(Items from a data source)
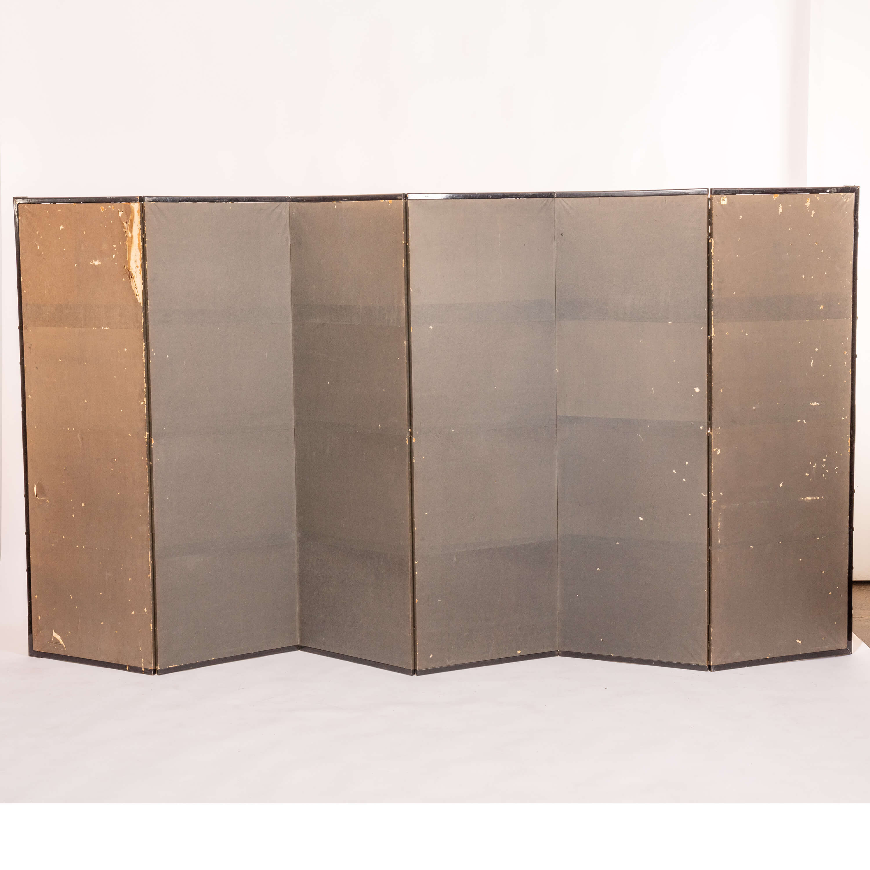 This six-panel Japanese calligraphy screen features exquisite ink calligraphy set against a stunning gold leaf background, dating to the Meiji period, around circa 1900. The use of gold leaf elevates the elegance of the screen, adding a rich, luminous quality to the artwork.
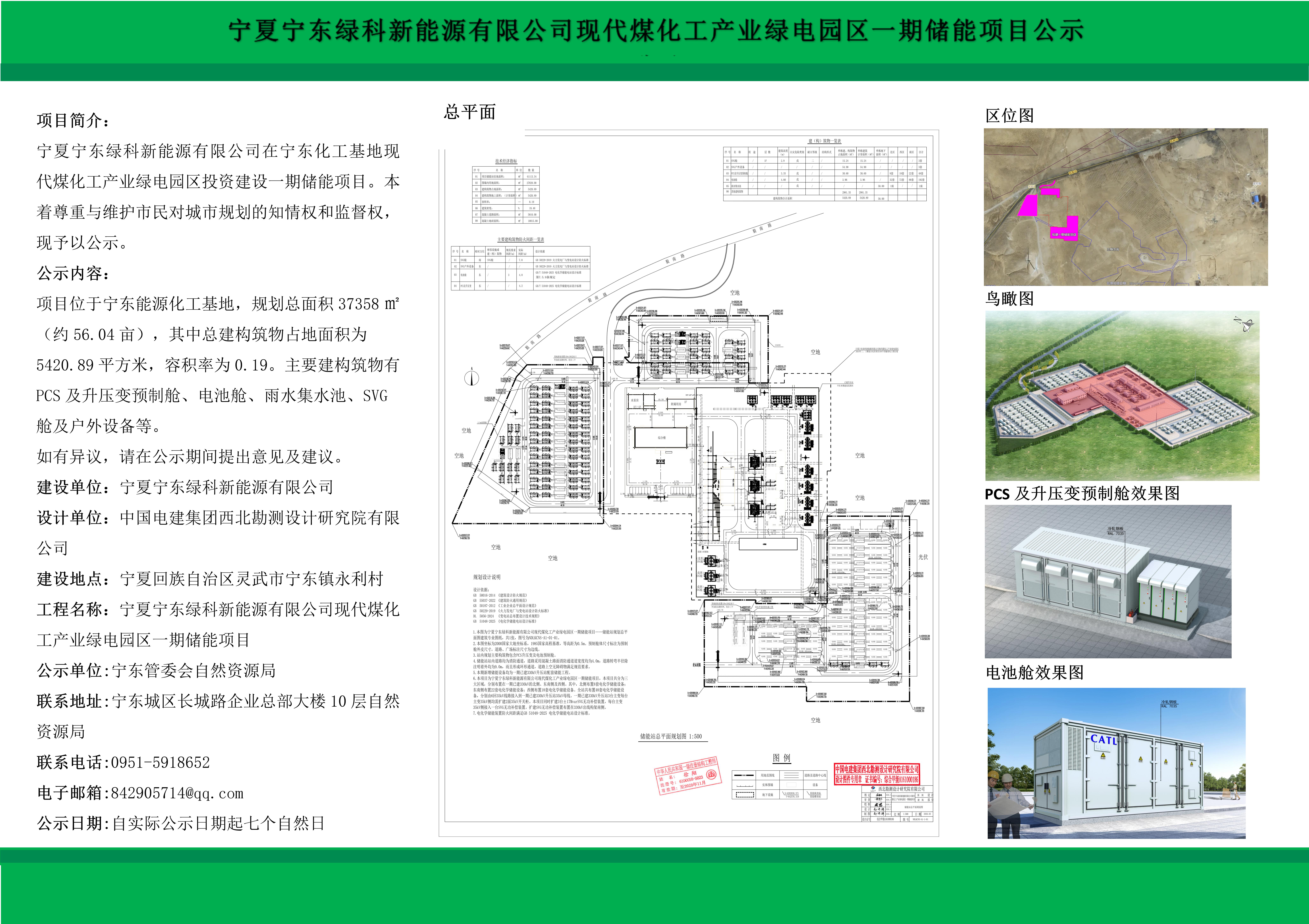 宁夏宁东绿科新能源有限公司现代煤化工产业绿电园区一期储能项目规划批前公示图
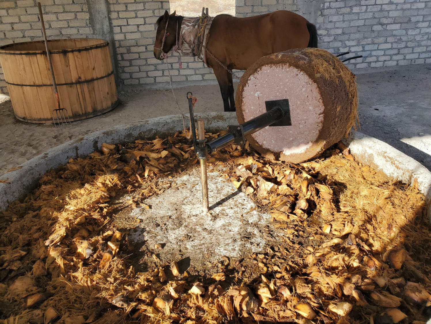 Las piñas cocidas son partidas en pedazos mas pequeños y colocadas en el molino circular.La fuerza animal es aprovechada para mover una pesada piedra, que aplasta el maguey cocido contra las “muelas” al girar. Las “muelas”, son piedras colocadas en la base del molino a modo de pastel, contra las que choca la tahona. Esta acción da como resultado una pulpa suave y exprimida que facilita el siguiente proceso: la fermentación.
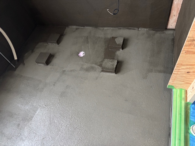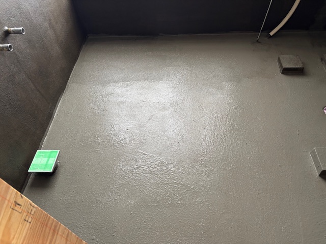 下の写真にあたりますこちらは、ポリマーセメント系塗膜防水材の施工写真です。
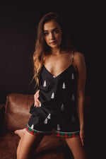 Bringing a modern, and sophisticated twist to the classic Holiday themed prints. This collection features monochromatic hand-sketched Christmas trees, offset against a warm plaid. What a vibe!
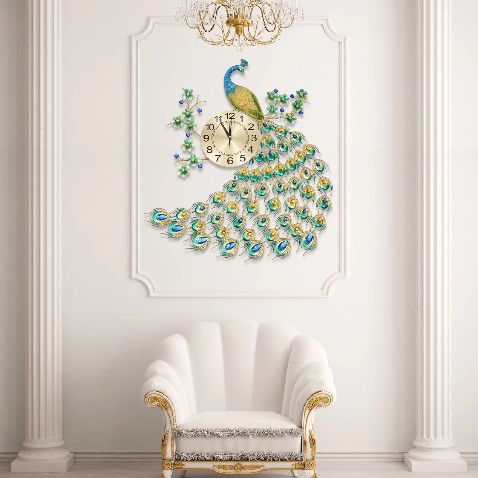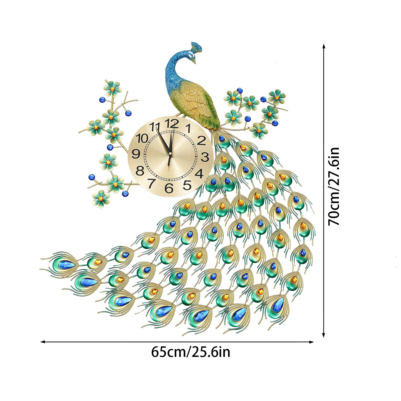 Luxury Peacock Wall Clock Metal 3D Art 8.26 Inch Decor
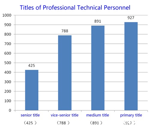 The Academy has 5002 staffs in total, including 3662 professional technical workers, which accounts for 73% of the total staffs number, the structure of professional technical personnel has been classified according to different titles and degrees as below:
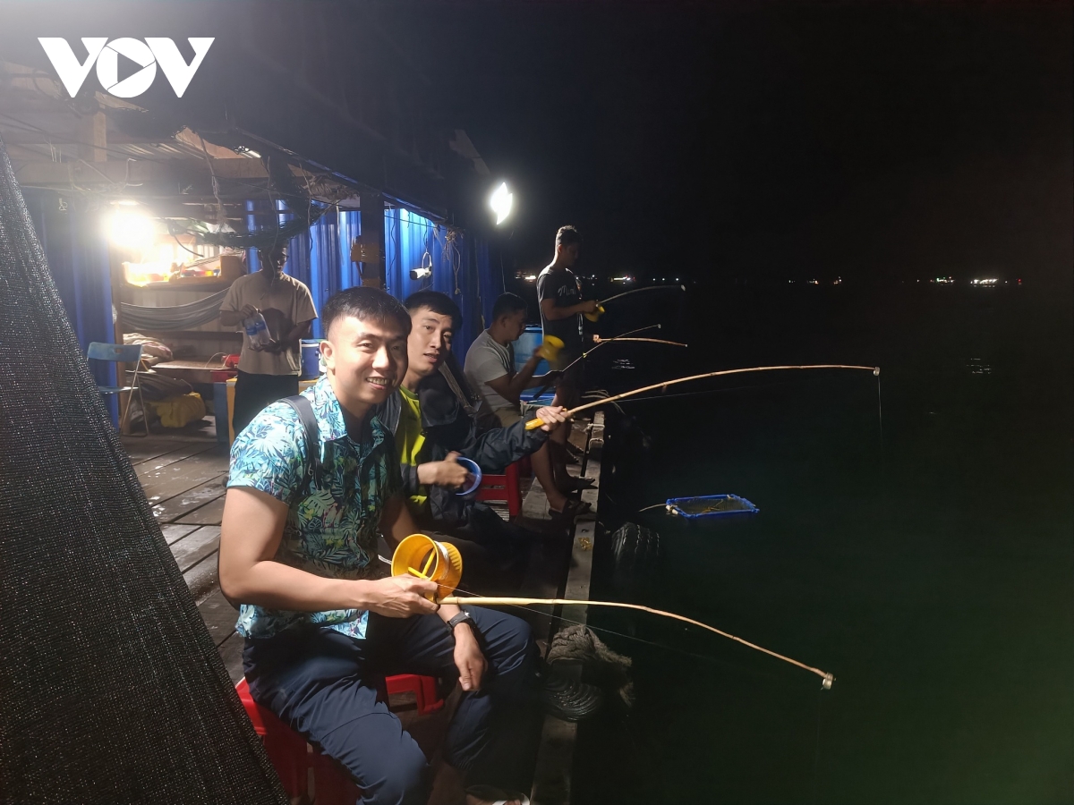 "Có khách xuống bè mình tiếp đãi khách, câu cá chơi giải trí, nướng cá dưới bè, trời êm thì mình cho khách xuống, trời êm thì mình mới cho khách xuống được", anh Nguyễn Thanh Tùng, hộ nuôi cá ở đảo Nam Du chia sẻ.
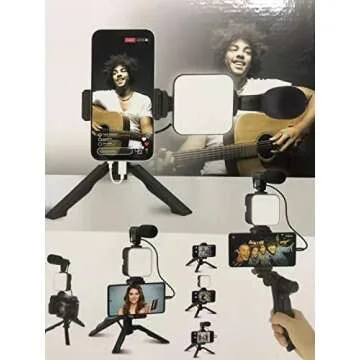Content Creator Kit, for YouTube, TicToc, Vlogging, Video Making Accessories, Light, Microphone, Tripod, Handle, Holds a Cellphone or Camera, Black
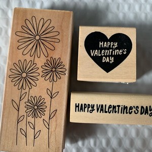 3er Set Holzbriefmarken Valentinstag und Blumen
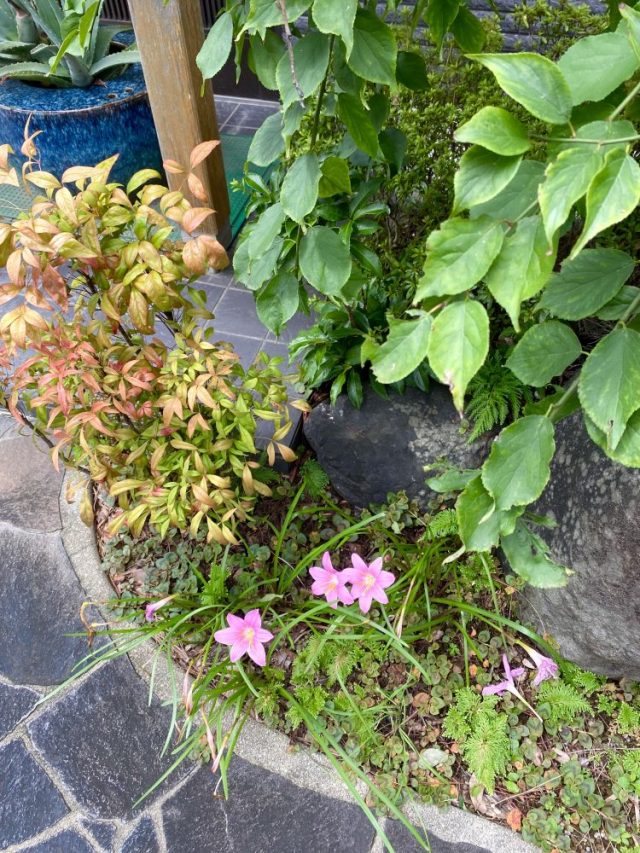 まあ、毎日少しずつやればよし。なんせ「自宅隔離中」なのだ。夕方ふらりと庭に出ると、朝つぼみだった花が、可憐なピンクの花びらを広げていた。
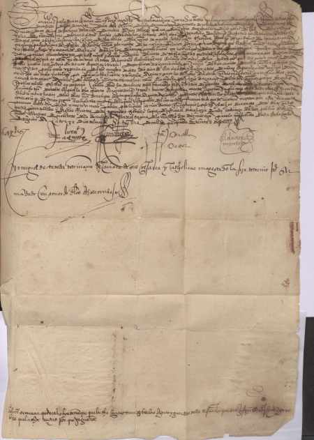 Provisión de Carlos V y Juana I al corregidor de Murcia, ordenando estudiar las ordenanzas sobre las aguas y huertas de la ciudad.
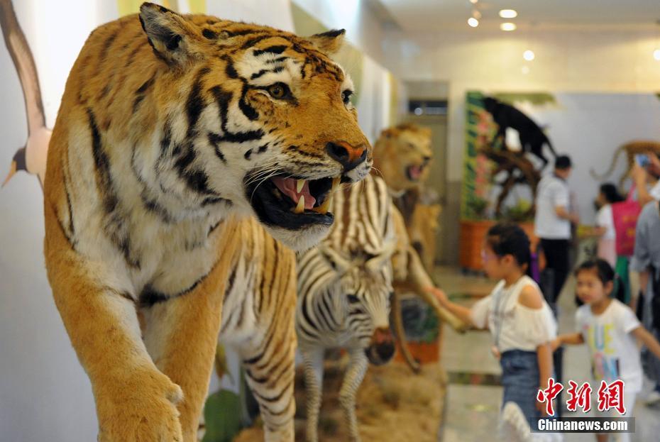 5月27日,各類飛禽走獸活靈活現(xiàn)地出現(xiàn)在民眾的眼前。正在福建博物院展出的第四屆中國(guó)動(dòng)物標(biāo)本大賽的257件惟妙惟肖的標(biāo)本作品集中對(duì)外開放,讓民眾如進(jìn)入“動(dòng)物世界”。本次大賽匯集了全國(guó)標(biāo)本制作企業(yè)、博物館、大專院校、研究所等60多家單位參加,標(biāo)本涵蓋哺乳類、鳥類、爬行類、兩棲類、魚類等動(dòng)物類群的皮張和骨骼標(biāo)本。主辦方希望通過標(biāo)本大賽,向公眾展現(xiàn)動(dòng)物世界的美麗,宣傳生物多樣性和生態(tài)文明,借鑒吸收國(guó)際標(biāo)本制作先進(jìn)經(jīng)驗(yàn),提高中國(guó)野生動(dòng)植物標(biāo)本制作的整體水平。圖為參賽的老虎標(biāo)本。中新社記者 張斌 攝
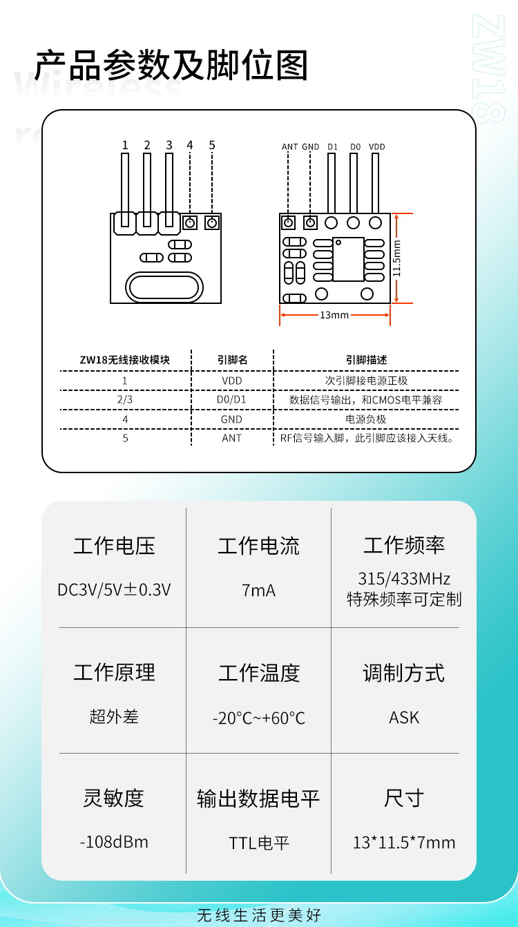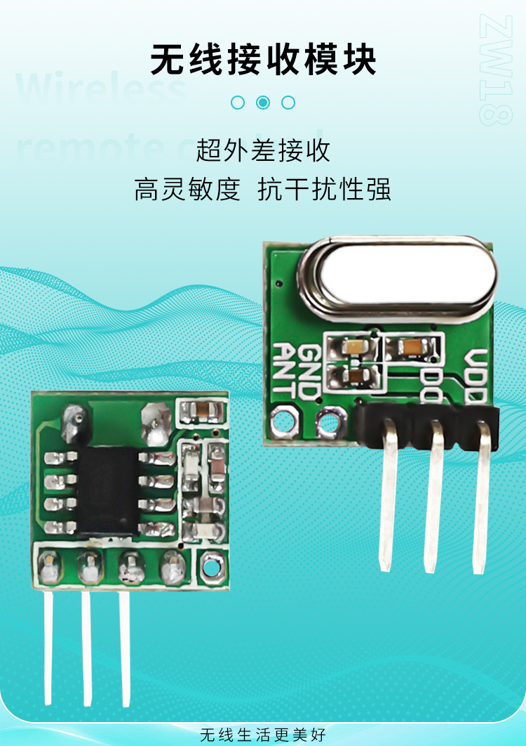 ZW18是一款低价格、高性能的香妃直播软件下载超外差接收模块,与其他超外差接收模块比较,具有价格便宜、性能好稳定等特点。
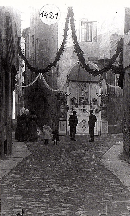 Scenografia ricavata dalla demolizione di un edificio. Contrafforti e mattoni a vista
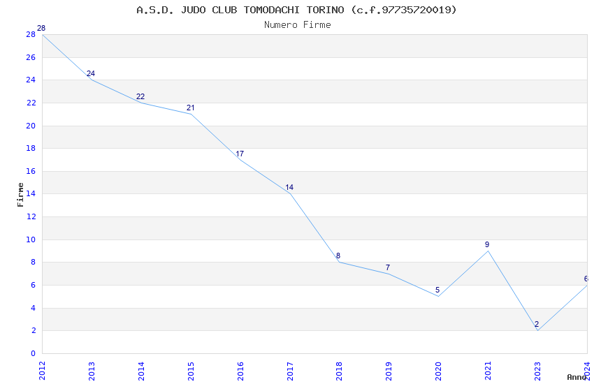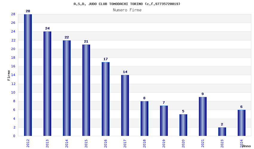 | Anno | Firme | Importi | Media | Naz. | Reg. | Prov. | Comu. |
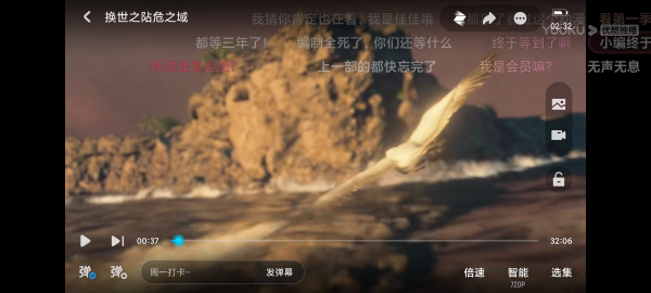 3、点击“弹”字图标旁带齿轮的设置按钮,可进入弹幕设置界面,自由调节透明度、速度、显示区域等参数。

## Task brief
Verbatim copy, pictures excluded: output the lines from the first line of the records above through the line containing "Luxury Peacock Wall".

## Exercise output
 This six-panel Japanese calligraphy screen features exquisite ink calligraphy set against a stunning gold leaf background, dating to the Meiji period, around circa 1900. The use of gold leaf elevates the elegance of the screen, adding a rich, luminous quality to the artwork.
 宁夏宁东绿科新能源有限公司现代煤化工产业绿电园区一期储能项目规划批前公示图
 Las piñas cocidas son partidas en pedazos mas pequeños y colocadas en el molino circular.La fuerza animal es aprovechada para mover una pesada piedra, que aplasta el maguey cocido contra las “muelas” al girar. Las “muelas”, son piedras colocadas en la base del molino a modo de pastel, contra las que choca la tahona. Esta acción da como resultado una pulpa suave y exprimida que facilita el siguiente proceso: la fermentación.
 下の写真にあたりますこちらは、ポリマーセメント系塗膜防水材の施工写真です。
 Bringing a modern, and sophisticated twist to the classic Holiday themed prints. This collection features monochromatic hand-sketched Christmas trees, offset against a warm plaid. What a vibe!
 Luxury Peacock Wall Clock Metal 3D Art 8.26 Inch Decor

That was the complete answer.